Total Direct Energie reveal new kit after title sponsor change
The new kit comes on the day the team officially change their name from Direct Energie to Total Direct Energie

Total Direct Energie on a training ride (Total Direct Energie's Instagram)
Total Direct Energie have unveiled their new kit, which the team will wear for the first time at this Sunday's Paris-Roubaix.
Gas and oil giant Total bought out utility provider Direct Energie last summer in a €1.4billion (£1.1billion) deal, leading to a change of the team's title sponsor.
Gone is the familiar black and yellow strip, and in comes a distinctly French kit, which Niki Terpstra and Lilian Calmejane showed off on the team's Twitter.
The kit involves light blue shoulders and chest, with a dark blue midriff and shorts, separated by a white band around the middle that continues down the side of the strip. Red sleeves and short cuffs complete the Tricolore look, it's so French you can already hear Lilian Calmejane turning his pedals down the Champs-Élysées this July.
Total Direct Energie were awarded one of the two final wildcard entries for this year's Tour de France.
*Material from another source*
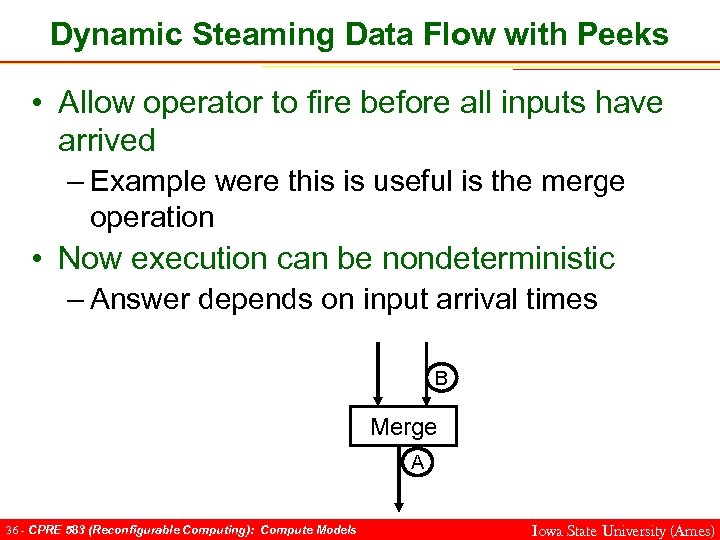 Dynamic Steaming Data Flow with Peeks • Allow operator to fire before all inputs have arrived – Example were this is useful is the merge operation • Now execution can be nondeterministic – Answer depends on input arrival times A Merge 35 - CPRE 583 (Reconfigurable Computing): Compute Models Iowa State University (Ames)
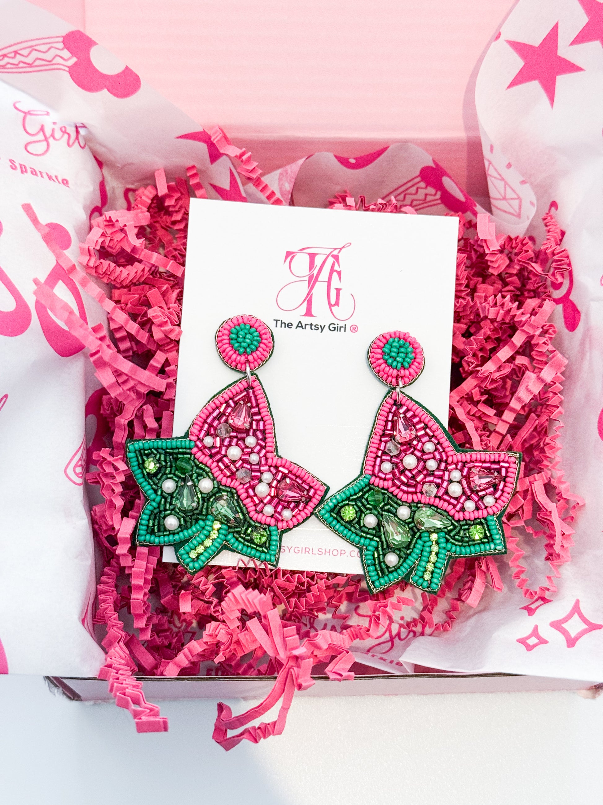 Bold, beautiful, and blooming with charm — our Ivy Love Earrings are a celebration of playful elegance. Featuring vibrant shades of hot pink and emerald green, these hand-beaded beauties are designed to dazzle with every turn. The ivy-inspired shape symbolizes growth and connection, while sparkling crystals and pearls add that perfect pop of glam.

Announced alongside André Greipel's Arkéa-Samsic, they will join Cofidis and Wanty-Gobert in making up the four second-tier teams to roll out in Brussels this July.
Total’s 2018 revenue was €244billion compared with Direct Energie’s €1.99billion in 2017, which could mean an increased budget for the team, who apparently currently run on around €10 million a year.
Their main chance for success on the cobbles at Paris-Roubaix was double Monument winner Niki Terpstra, signed from Deceuninck – Quick-Step, but the Dutchman was hospitalised with 'severe concussion' after a crash in last week's Tour of Flanders.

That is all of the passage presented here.